[Data records]

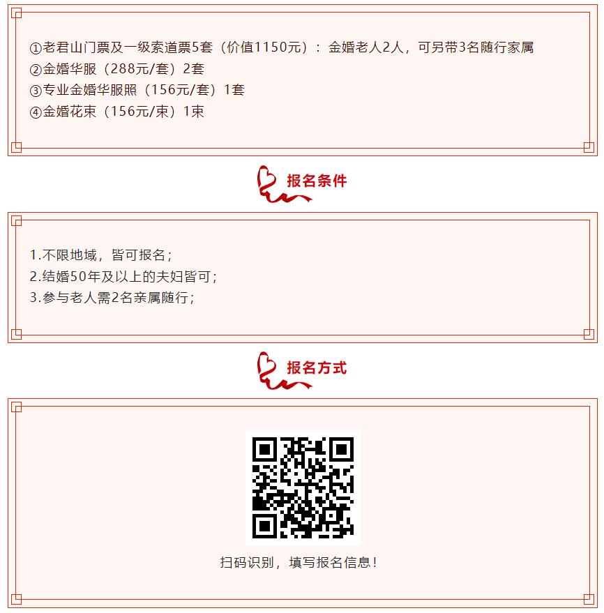 報(bào)名參加典禮的金婚老人,即可獲得價(jià)值2000 元的金婚大禮包:
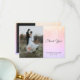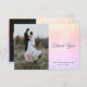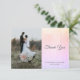 Elegante boda 'gracias'. Esta plantilla es una tarjeta de dos caras que incluye un texto de guión de tipografía con letras a mano. Este guión y el espacio en blanco le dan una sensación simple y minimalista. Personalizar este producto de tarjeta insertando sus propias fotos de boda en la parte delantera y trasera, cambiando los nombres y la fecha y editando el mensaje en la parte posterior de la tarjeta.
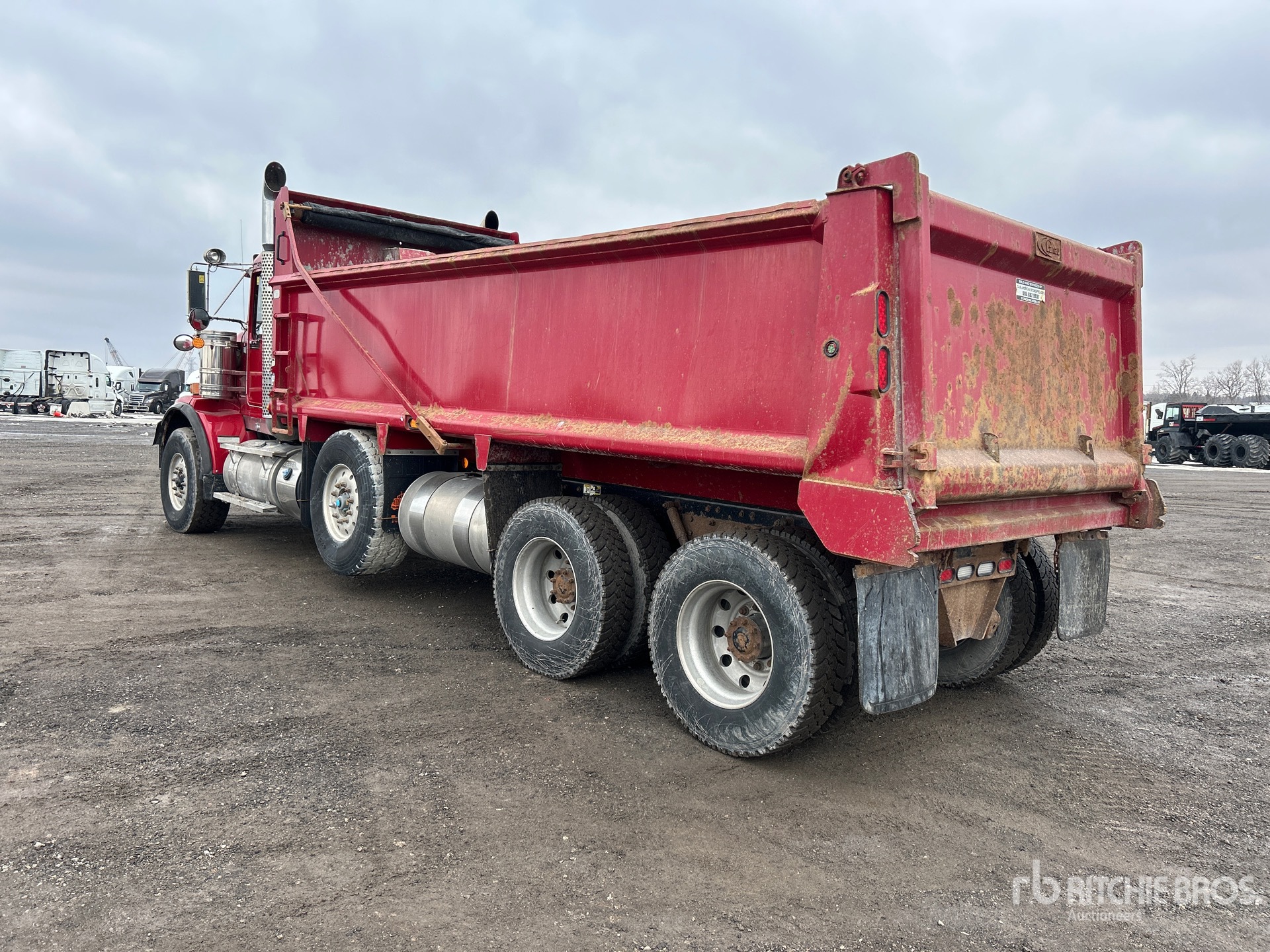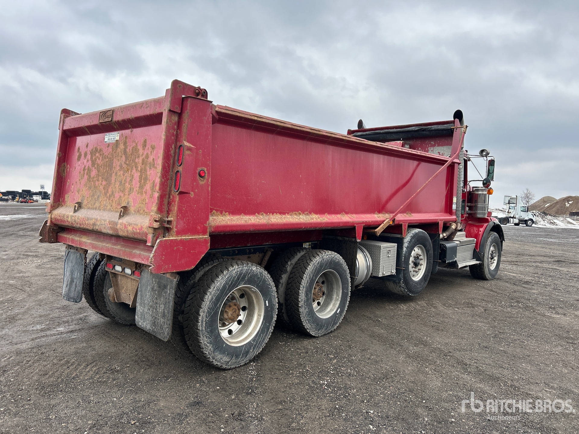 Cummins X15 6 Cylinder Diesel 525 hp Engine, 2018 US EPA Label, CARB Compliant, Requires Diesel Exhaust Fluid, 14945 Engine hrs, Engine Brake, Automatic Transmission, Double Differential Locks, 9072 kg Front Axle, 29938 kg Rears, 3.91:1 Axle Ratio, 39010 kg GVWR, Aluminum Wheels, 425/65R22.5 Front Tires, 11R22.5 Rear Tires, Air Lift Pusher Axle, Steerable Air Lift Pusher Axle, Steerable Air Lift Tag Axle, Double Frame, Walking Beam Suspension, 268 in Wheelbase, Lanau 19 ft Long x 3 ft 6 in High Body, Air Powered Roll Tarp
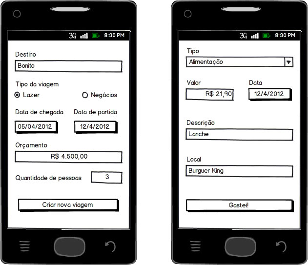 As próximas telas que iremos implementar serão a criação de uma nova viagem e o registro de um novo gasto. São telas tipicamente de cadastro e permitirão que sejam explorados diversos widgets para entrada de dados, tais como os Spinner, DatePicker e nosso já conhecido EditText, além de mais um tipo de layout, o
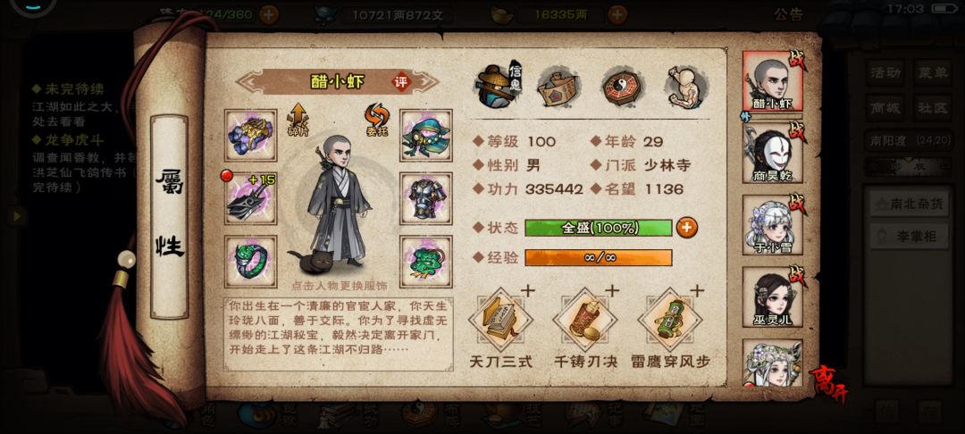 本攻略为男号攻略 一.开局天赋选择:跋山涉水或酷爱兵器,个人推荐男号,大势力选择拘魂阁,开局随从选苏念雪(跋山涉水可以是输出主也可以是肉主,酷爱兵器只能当输出主,后期可以弄先天丹更换天赋)。 二.兄弟们咱们也是成功到忘忧村了,忘忧村,毓秀山张(26.15)触发铁砂掌支线,氪金的推荐给商或者火工老僧,不氪金的推荐给陶,做完南阳主线,找裘啸天打听孙邪,泰安镇击杀孙邪搜身获得点墨剑法,主角优先升级雁
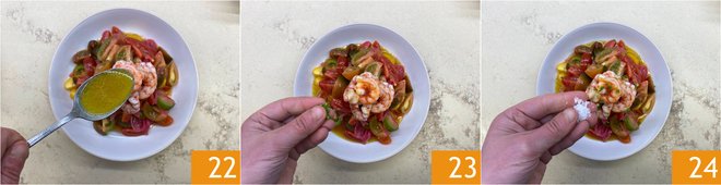 Season with the remaining emulsion 22, chopped chives 23, and salt 24. The Catalan-style shrimp are ready to be enjoyed.
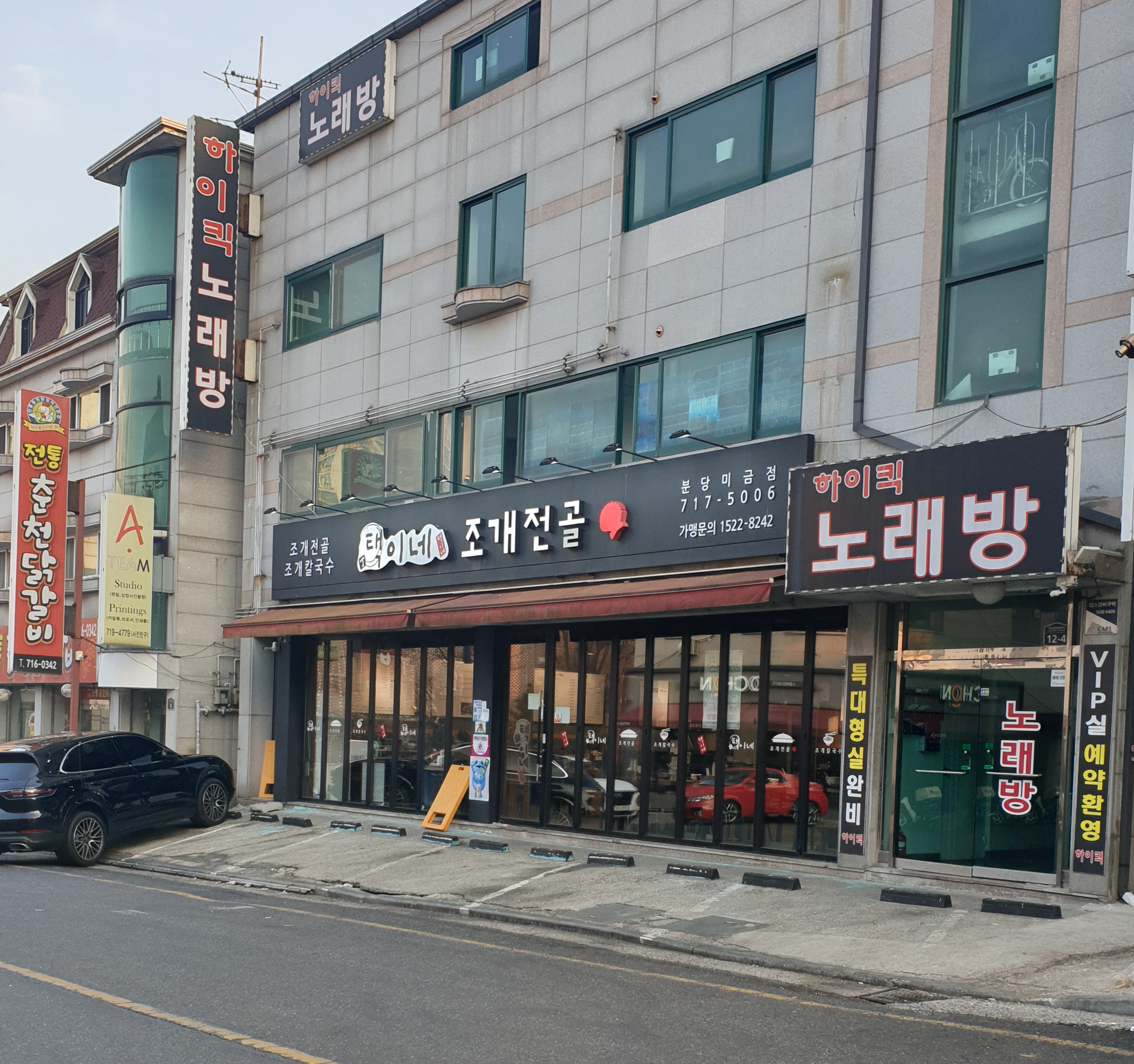 미금역 먹자골목에 위치한 조개전골 식당 전경으로

## Problem statement
Repeat all the data as it stands, dropping any images it holds.

## Task response
 報(bào)名參加典禮的金婚老人,即可獲得價(jià)值2000 元的金婚大禮包:
 Elegante boda 'gracias'. Esta plantilla es una tarjeta de dos caras que incluye un texto de guión de tipografía con letras a mano. Este guión y el espacio en blanco le dan una sensación simple y minimalista. Personalizar este producto de tarjeta insertando sus propias fotos de boda en la parte delantera y trasera, cambiando los nombres y la fecha y editando el mensaje en la parte posterior de la tarjeta.
 Cummins X15 6 Cylinder Diesel 525 hp Engine, 2018 US EPA Label, CARB Compliant, Requires Diesel Exhaust Fluid, 14945 Engine hrs, Engine Brake, Automatic Transmission, Double Differential Locks, 9072 kg Front Axle, 29938 kg Rears, 3.91:1 Axle Ratio, 39010 kg GVWR, Aluminum Wheels, 425/65R22.5 Front Tires, 11R22.5 Rear Tires, Air Lift Pusher Axle, Steerable Air Lift Pusher Axle, Steerable Air Lift Tag Axle, Double Frame, Walking Beam Suspension, 268 in Wheelbase, Lanau 19 ft Long x 3 ft 6 in High Body, Air Powered Roll Tarp
 As próximas telas que iremos implementar serão a criação de uma nova viagem e o registro de um novo gasto. São telas tipicamente de cadastro e permitirão que sejam explorados diversos widgets para entrada de dados, tais como os Spinner, DatePicker e nosso já conhecido EditText, além de mais um tipo de layout, o
 本攻略为男号攻略 一.开局天赋选择:跋山涉水或酷爱兵器,个人推荐男号,大势力选择拘魂阁,开局随从选苏念雪(跋山涉水可以是输出主也可以是肉主,酷爱兵器只能当输出主,后期可以弄先天丹更换天赋)。 二.兄弟们咱们也是成功到忘忧村了,忘忧村,毓秀山张(26.15)触发铁砂掌支线,氪金的推荐给商或者火工老僧,不氪金的推荐给陶,做完南阳主线,找裘啸天打听孙邪,泰安镇击杀孙邪搜身获得点墨剑法,主角优先升级雁
 Season with the remaining emulsion 22, chopped chives 23, and salt 24. The Catalan-style shrimp are ready to be enjoyed.
 미금역 먹자골목에 위치한 조개전골 식당 전경으로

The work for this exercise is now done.